=== EXTRACTED MATERIAL ===

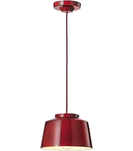 FERROLUCE - Lampadario Vintage 50'S Ferro e Ceramica Bordeoux 1 Luce E27 23Cm
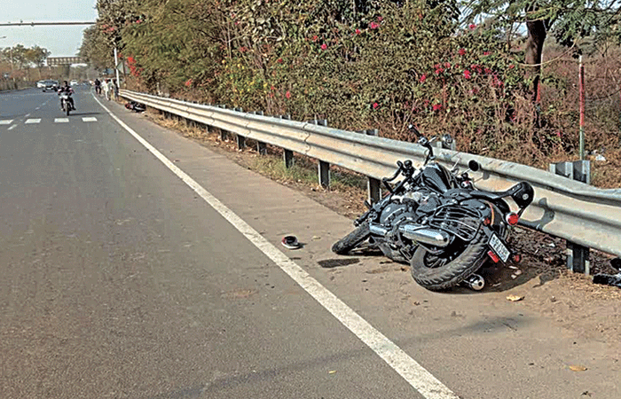 ત્યારે ઘનશ્યામસિંહ બાઇક ચલાવતા હતાં. તેઓ ઇન્દ્રોડા ગામના કટ પાસેથી રસ્તો ઓળંગી
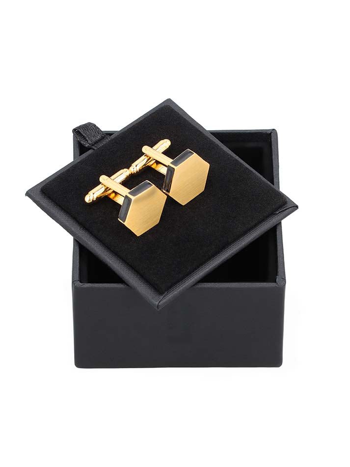 These hexagon-shaped cufflinks, available in gold or silver finishes, will elevate your attire by adding a distinctive touch to your outfit
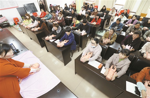 上图:3月23日,资兴市唐洞街道田心社区,学员在学习育婴技能。当天,资兴市“一户一产业工人”培养工程——育婴员技能提升培训班开班。此次培训以就业为导向,通过理论学习加实操练习,为50名报名者开展为期10天的育婴技能培训。李科 李铁南 摄影报道
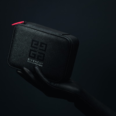 The Givenchy kit for La Première was designed in black leather like material, symbolizing the “Soin Noir de Givenchy” range. Its closure adds a touch of red, recalling one of La Première’s own colours. The kit also has a mirror for beauty touch-ups at any time during the flight.
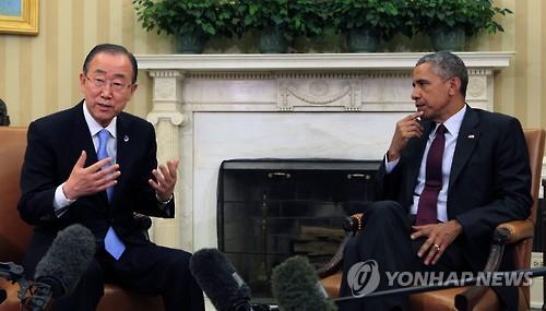 오바마 대통령은 이날 백악관 집무실에서 회담을 마친 뒤 공동기자회견에서 "다른 나라들도 기후변화에 맞서 싸울 수 있도록 반 총장이 촉구해줄 것을 강하게 요청했다"고 밝혔다.
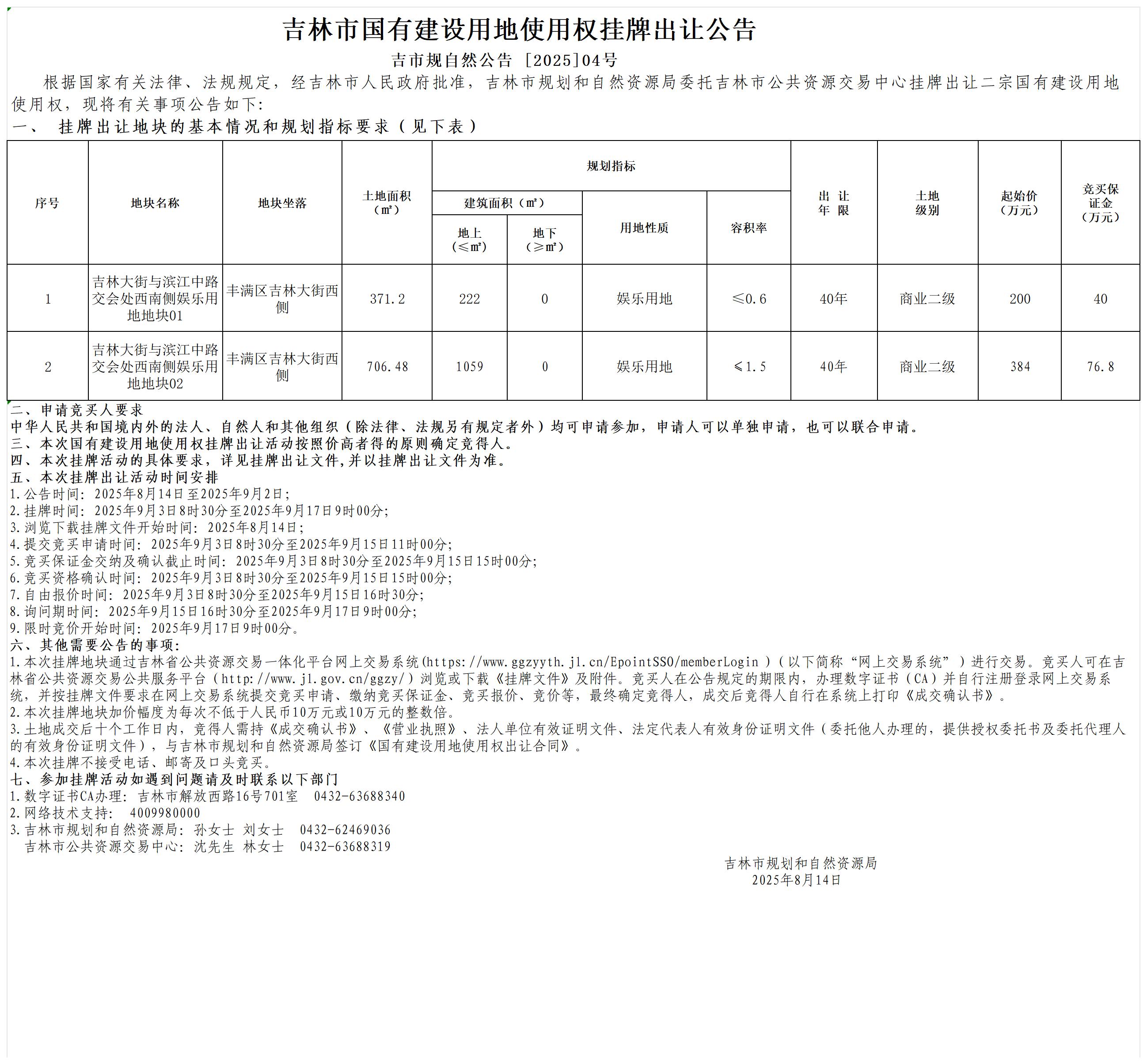 吉林市国有建设用地使用权挂牌出让公告(吉市规自然公告 [2025]04号)

===

PROBLEM TO WORK ON: Please reproduce the entries above exactly, from their first line to the line holding "These hexagon-shaped cufflinks, available" inclusive, and nothing else; the pictures stay out.

EXERCISE RESPONSE:
 FERROLUCE - Lampadario Vintage 50'S Ferro e Ceramica Bordeoux 1 Luce E27 23Cm
 ત્યારે ઘનશ્યામસિંહ બાઇક ચલાવતા હતાં. તેઓ ઇન્દ્રોડા ગામના કટ પાસેથી રસ્તો ઓળંગી
 These hexagon-shaped cufflinks, available in gold or silver finishes, will elevate your attire by adding a distinctive touch to your outfit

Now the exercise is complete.